What is expected:
Without any pictures, output the records exactly as they are.

Given entries:

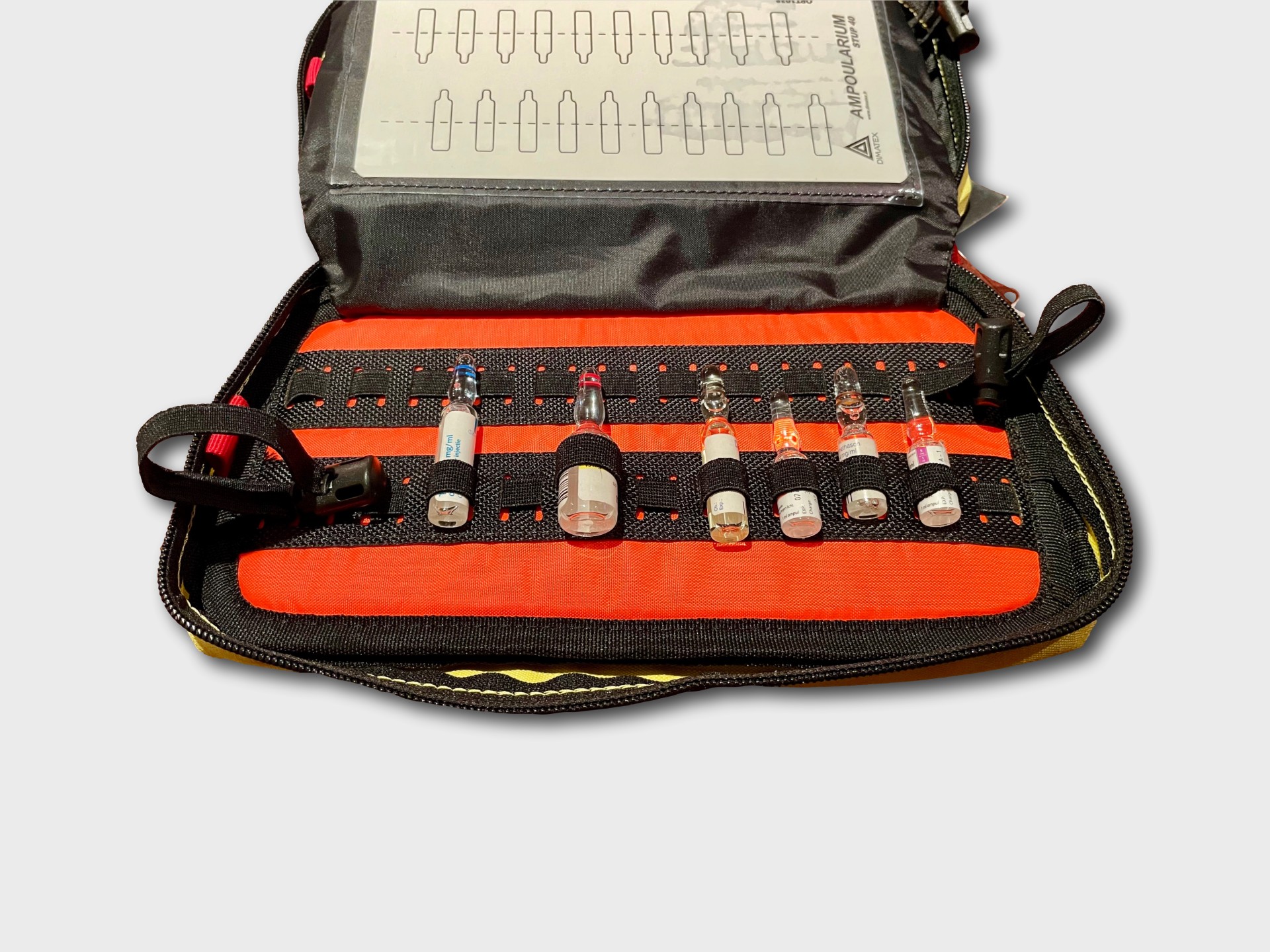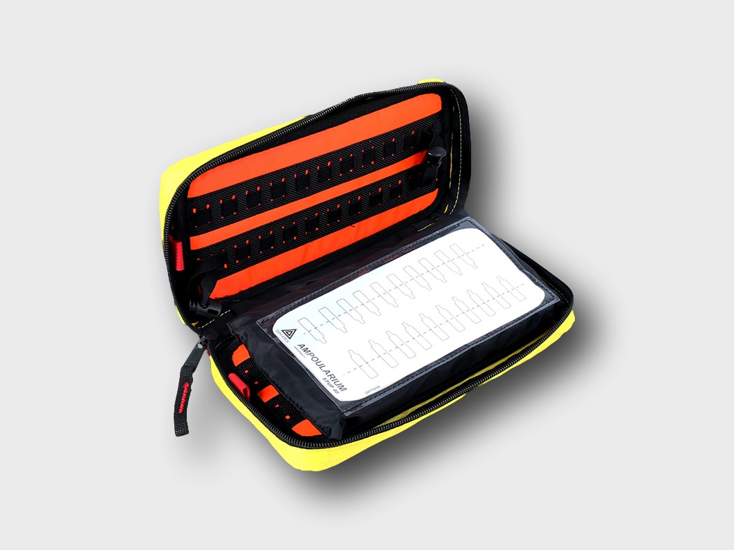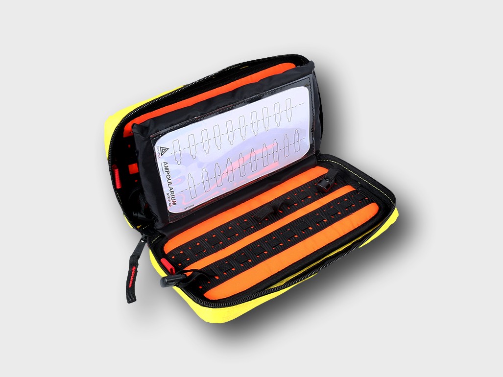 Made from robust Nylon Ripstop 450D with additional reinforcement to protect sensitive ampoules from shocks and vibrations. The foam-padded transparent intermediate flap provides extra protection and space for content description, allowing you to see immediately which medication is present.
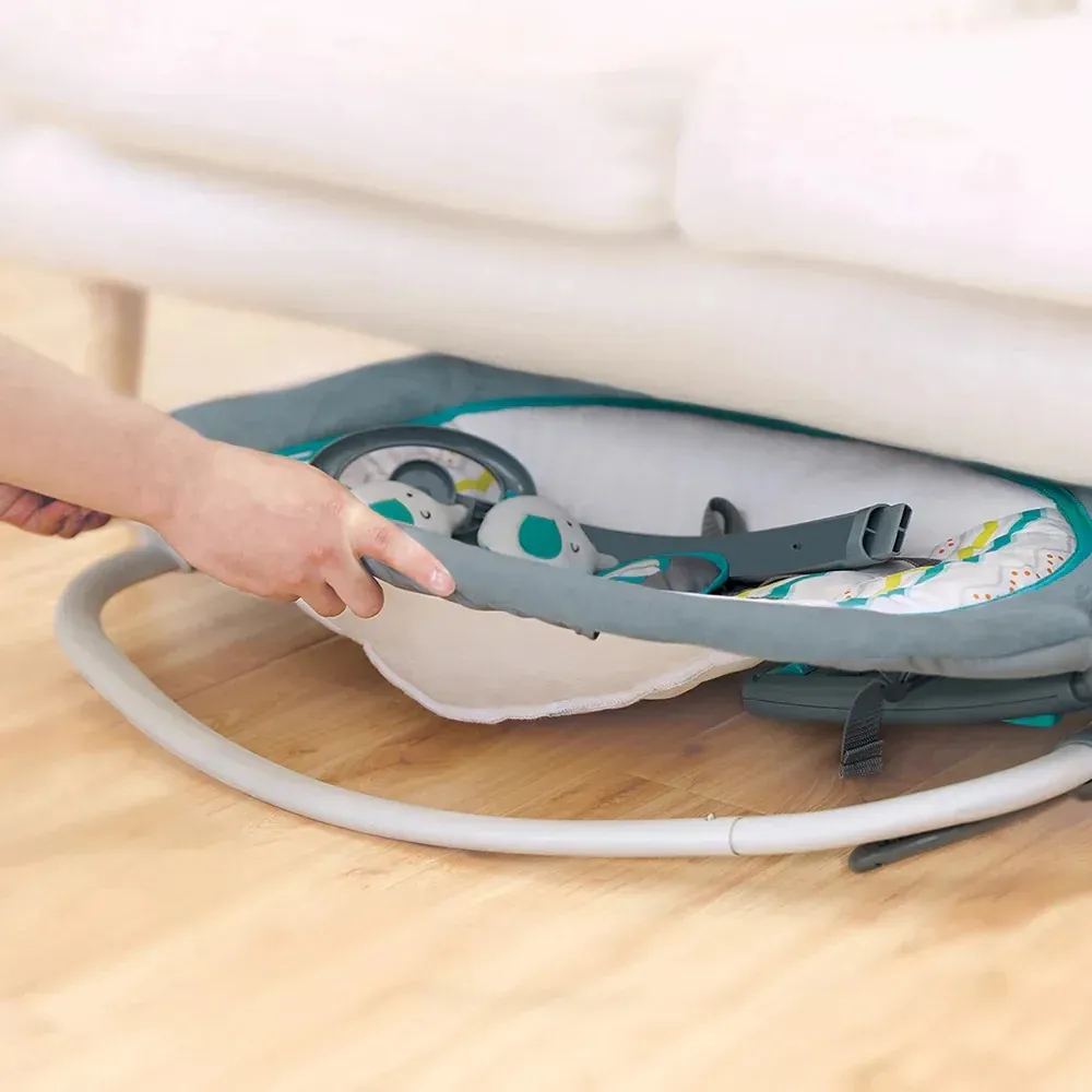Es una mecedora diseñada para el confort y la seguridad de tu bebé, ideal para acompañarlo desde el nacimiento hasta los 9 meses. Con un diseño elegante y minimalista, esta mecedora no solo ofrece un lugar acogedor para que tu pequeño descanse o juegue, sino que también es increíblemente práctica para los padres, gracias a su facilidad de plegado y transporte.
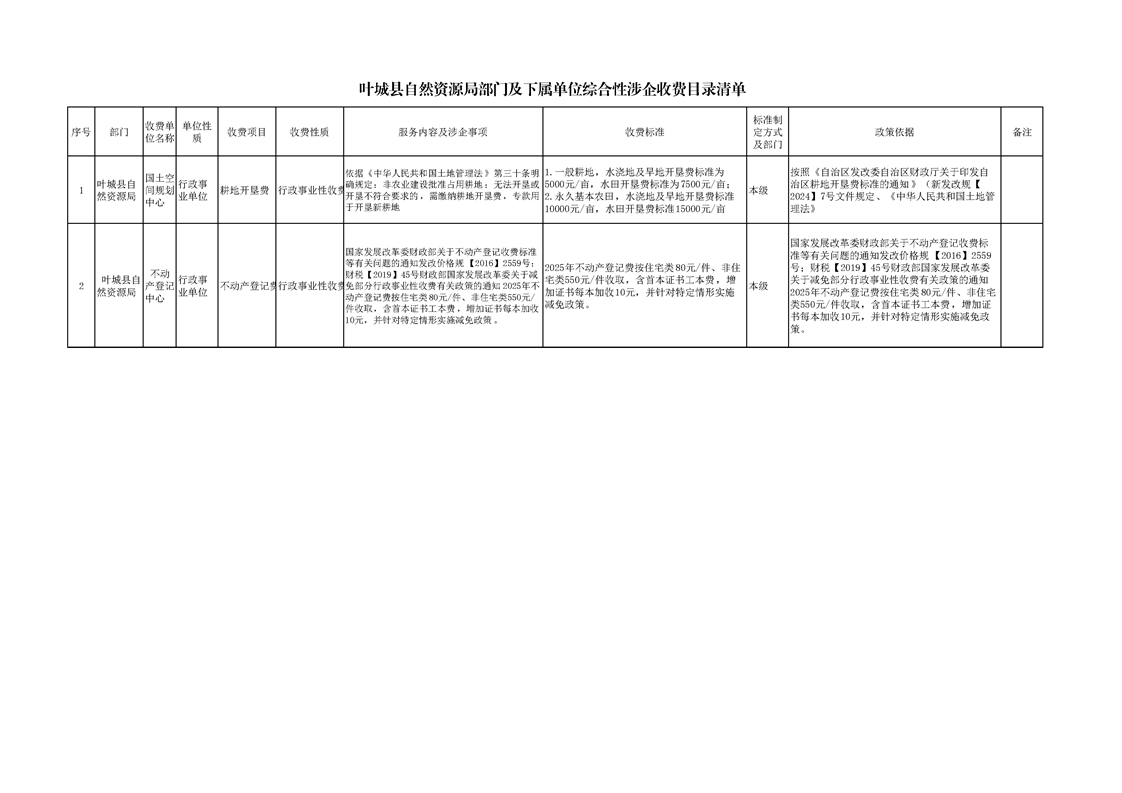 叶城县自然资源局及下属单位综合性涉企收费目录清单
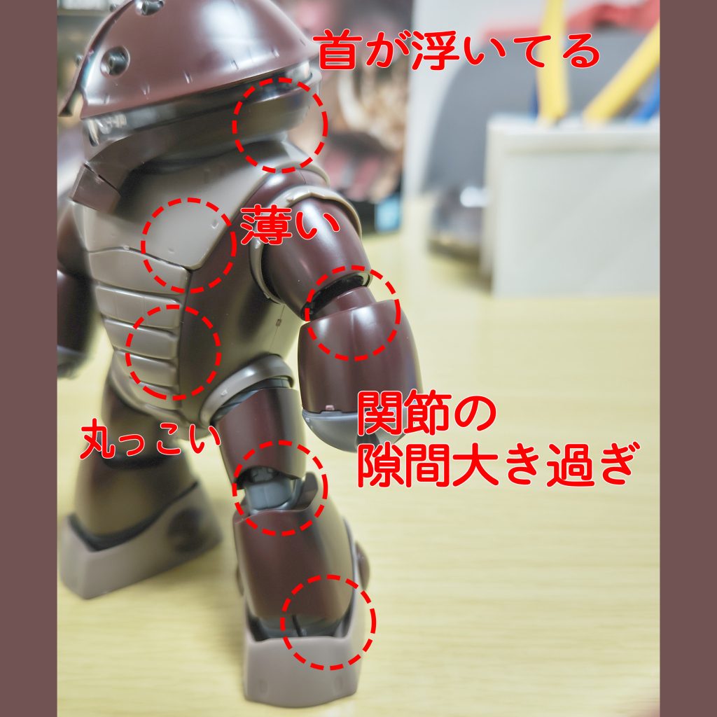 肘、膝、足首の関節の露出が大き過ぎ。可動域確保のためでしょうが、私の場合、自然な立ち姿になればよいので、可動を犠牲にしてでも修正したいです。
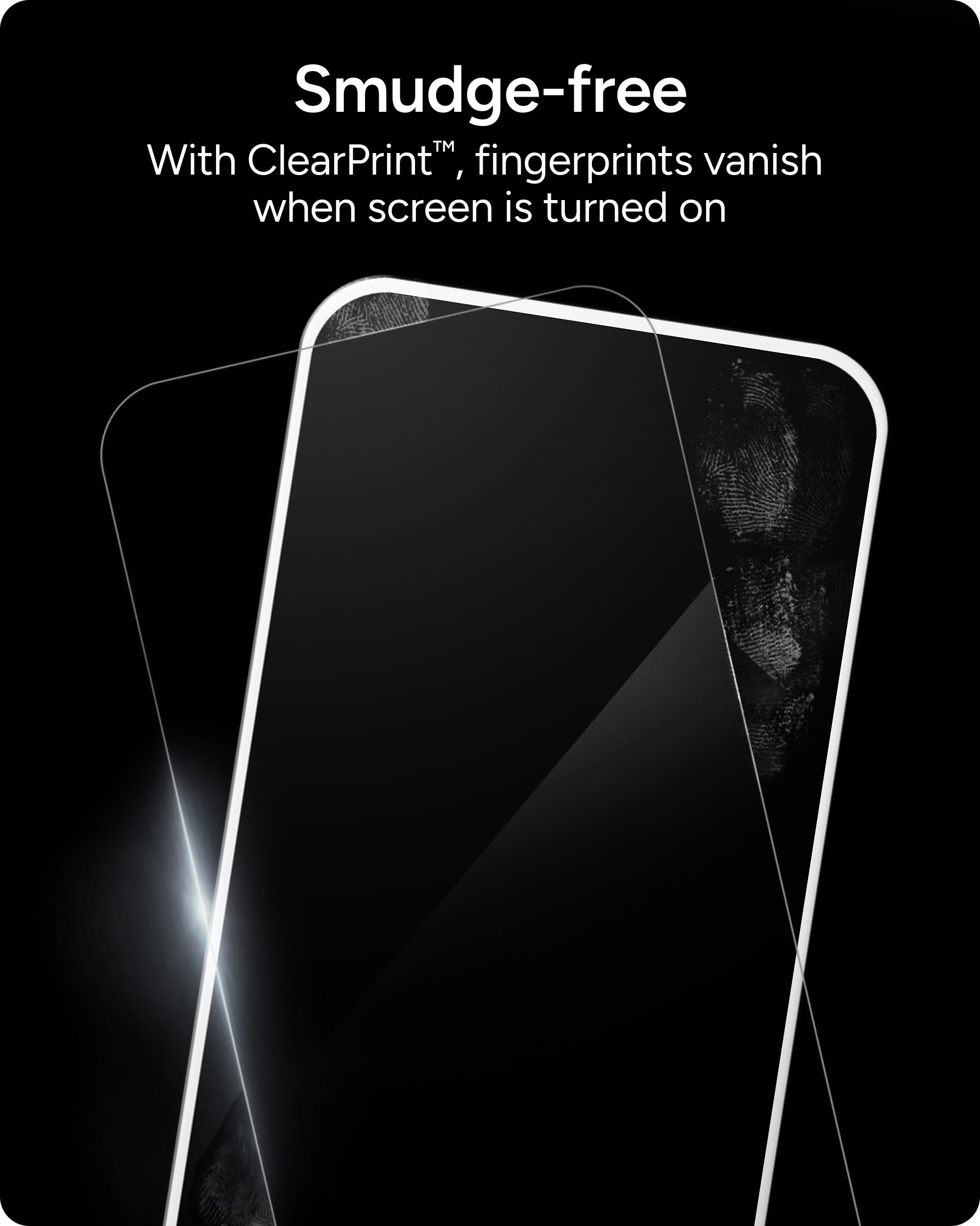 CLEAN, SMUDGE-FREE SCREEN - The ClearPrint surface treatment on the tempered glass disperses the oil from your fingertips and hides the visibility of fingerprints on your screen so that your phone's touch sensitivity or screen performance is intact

Exercise solution:
 Made from robust Nylon Ripstop 450D with additional reinforcement to protect sensitive ampoules from shocks and vibrations. The foam-padded transparent intermediate flap provides extra protection and space for content description, allowing you to see immediately which medication is present.
Es una mecedora diseñada para el confort y la seguridad de tu bebé, ideal para acompañarlo desde el nacimiento hasta los 9 meses. Con un diseño elegante y minimalista, esta mecedora no solo ofrece un lugar acogedor para que tu pequeño descanse o juegue, sino que también es increíblemente práctica para los padres, gracias a su facilidad de plegado y transporte.
 叶城县自然资源局及下属单位综合性涉企收费目录清单
 肘、膝、足首の関節の露出が大き過ぎ。可動域確保のためでしょうが、私の場合、自然な立ち姿になればよいので、可動を犠牲にしてでも修正したいです。
 CLEAN, SMUDGE-FREE SCREEN - The ClearPrint surface treatment on the tempered glass disperses the oil from your fingertips and hides the visibility of fingerprints on your screen so that your phone's touch sensitivity or screen performance is intact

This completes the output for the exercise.